Published: Tue, 30 May 2017

Regulations of the regulatory authorities like FDA and EU require that all the firms have program for calibration and preventive maintenance for test as well as measurement equipments. Preventive maintenance program is one of the most importance aspects for GMP inspection as it ensures the efficient GMP operations. Any equipments either it is automatic or manually operated will perform its functions properly and are used for manufacturing, processing, packaging, labeling or holding of drug products; it is mandatory that it will be timely calibrated, inspected and checked for errors according to the written program which is specially designed to assure the best performance of the equipments. This paper mainly discusses the importance of the calibration and Preventive Maintenance program for any industry because it is very important for any firm that the equipments produce the products having its predetermined specification.

Introduction

Definition of Calibration: – “It is a set of operation that performs under specific conditions to verify the values/data obtained by comparison of two instruments or measuring devices one of which is a standard of known accuracy (Traceable to national standards). It is used to detect, correlate, report or eliminate any of the discrepancy in accuracy of instruments or measuring devices when being compared to the standard.” [1]

Calibration is one type of comparison but it is not an adjustments.

Definition of Preventive Maintenance: “It is a care or service provided by personnel to maintain the equipment or facility in satisfactorily working conditions by providing inspections, detection and correction of failures before they occur. Basically they are conducted to keep the instrument in working conditions and to extend the life of the instrument.”[2]

Background Information

Today lots of equipment and measuring systems are used in pharmaceutical industry. During pharmaceutical manufacturing operations, these equipments are used to control and record the GMP process parameters because these parameters are mandatory to fulfill the quality requirements of the particular process as well as product. As I earlier mentioned that calibration is just a comparison and to document the record of differences when calibration is performed between the actual equipment and the standard equipment. But it is mandatory to calibrate the equipments timely to get the best results and minimizations of errors.

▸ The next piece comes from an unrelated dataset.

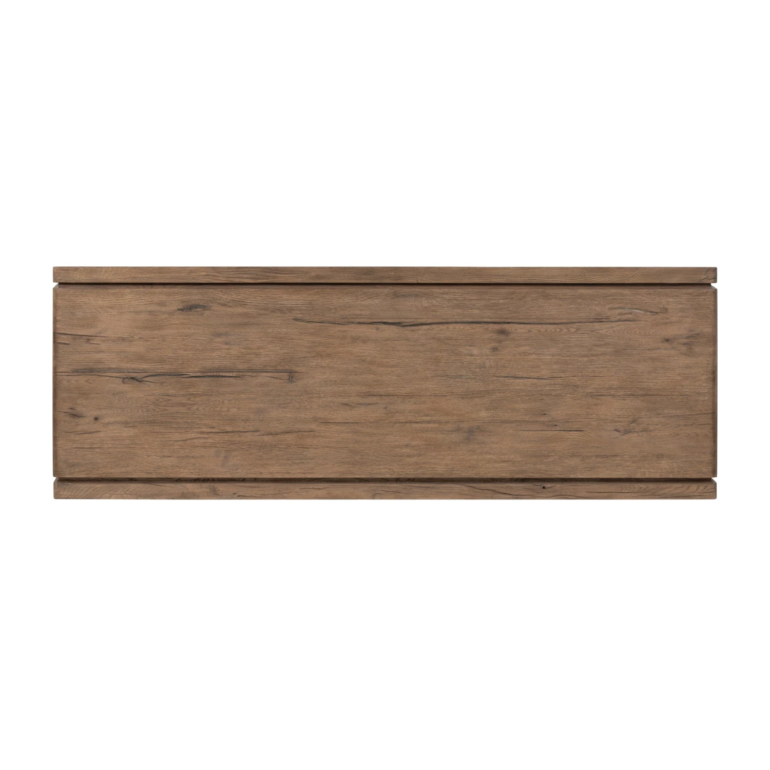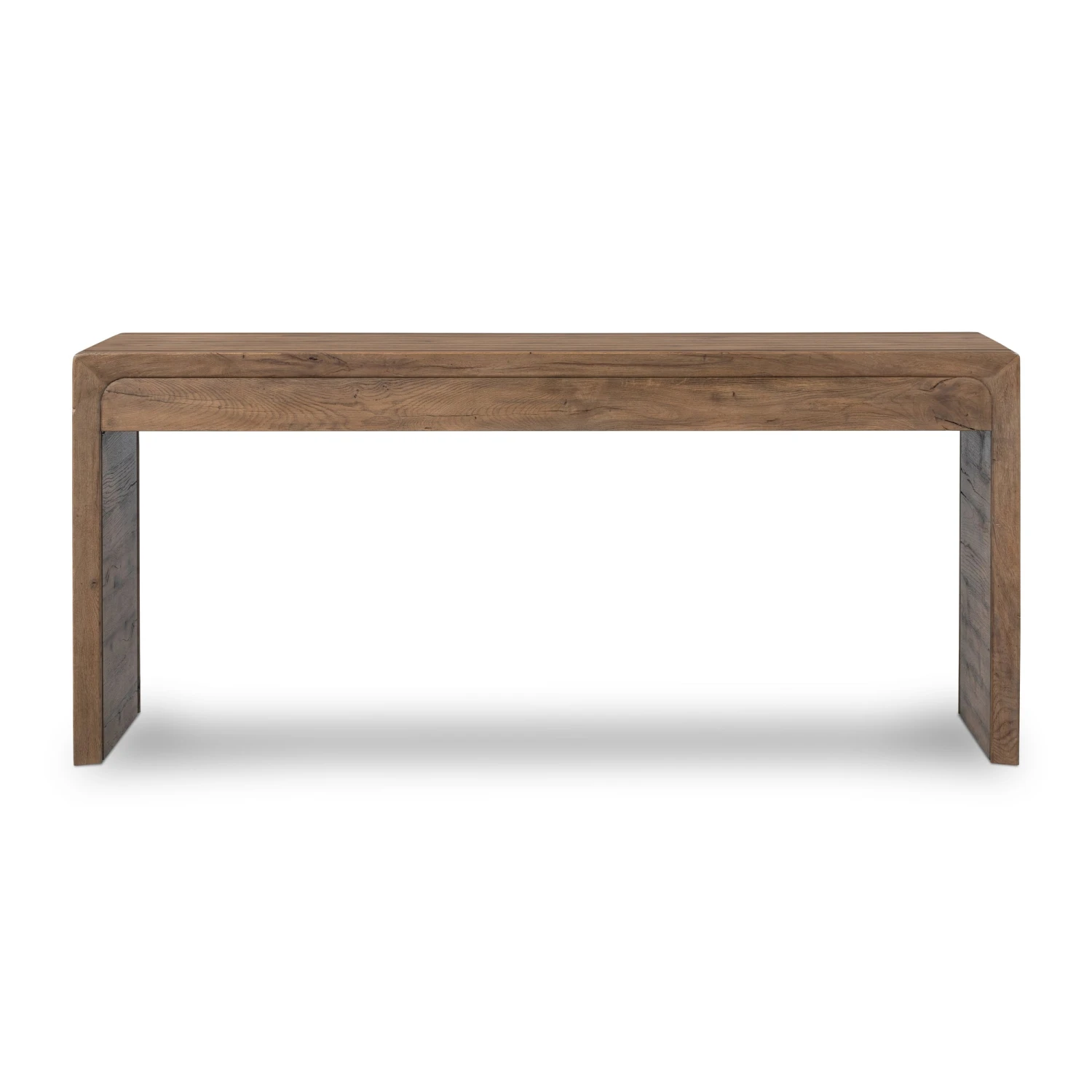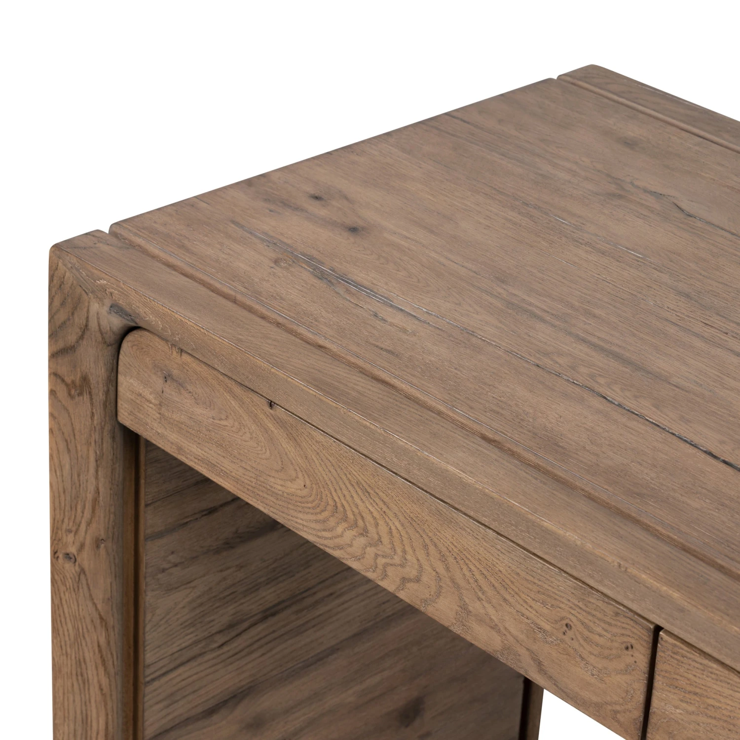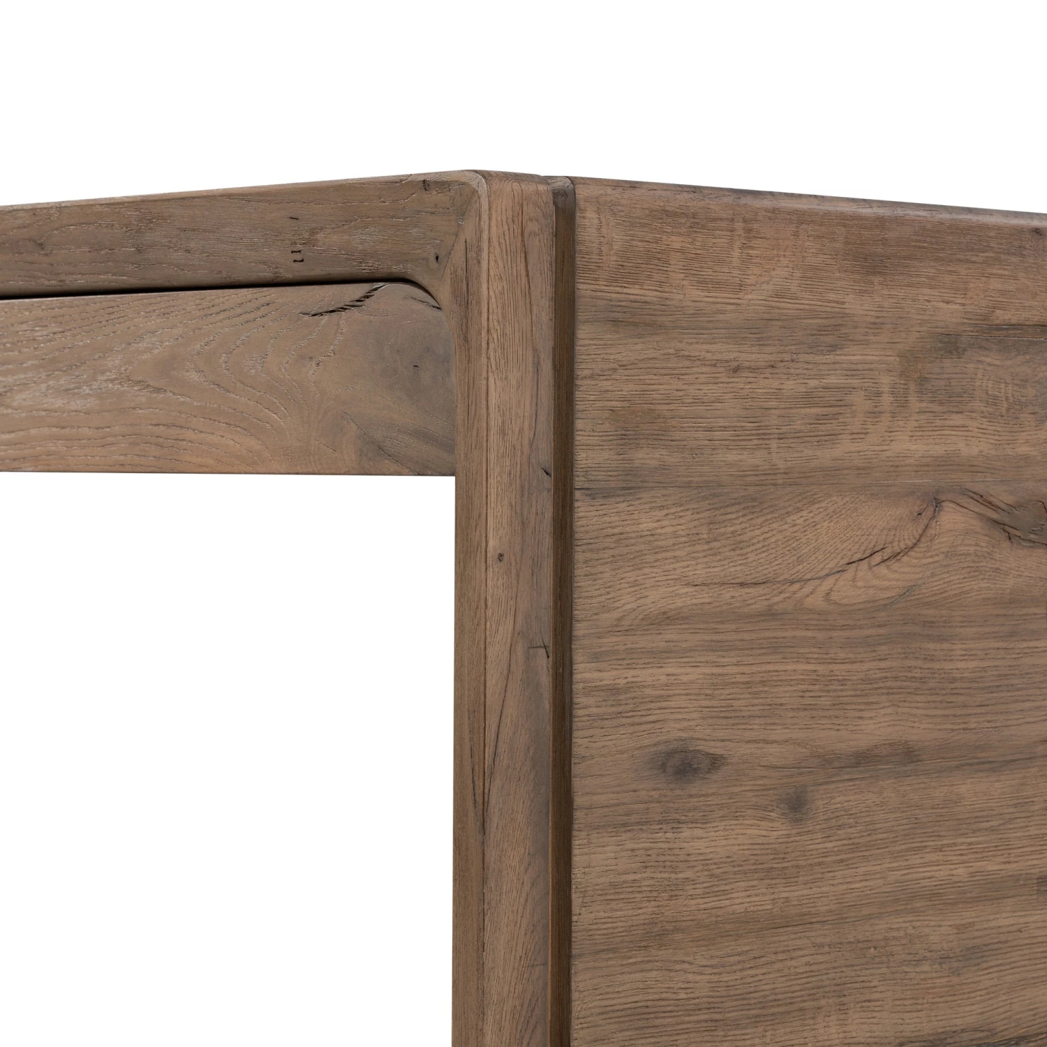 Made from solid reclaimed oak finished in a rustic grey, this slim-profile desk shapes subtly curved corners, bringing a handcrafted look to a minimalist form. Designed in partnership with longtime Four Hands collaborator Thomas Bina and Brazilian designer Ronald Sasson.

For PM, its one type of maintenance of measuring system or equipments before any error will occur. Basically PM is divided into two subparts. (1) Planned PM and (2) condition based. The key difference between these two subparts is time required for maintenance. The risks which are involved during performing PM are human errors and product failure. Preventive Maintenance is performed by repairing the equipments or by the replacing the defective part of the equipment before any error or product failure will occur. [1]

Main advantages of PM are: improvement in the reliability of system, decrease in replacement cost and time, and inventory management system is also improved.

Requirements of Regulatory Authorities

Calibration program is required by the regulatory authority (FDA) under section 21 CFR part 211.68 and Preventive maintenance and calibration program is required by FDA under section 21 CFR part 211.67.

Calibration requirements for Lab instruments under section 21 CFR part 211.67 are: specific directions, schedule, limit of accuracy and precision remedial action and system to prevent usage of instrument which are failed to calibrate. [2]

Requirements for manufacturing area:

FDA requires that each manufacturing area of the facility has written calibration and written preventive maintenance procedures. They must have qualified personnel to calibrate and maintain the equipments which are again rechecked by other qualified person. They must have one representative to monitor the calibration and PM program. And finally the whole process of calibration and PM is reviewed and approved in the terms of quality.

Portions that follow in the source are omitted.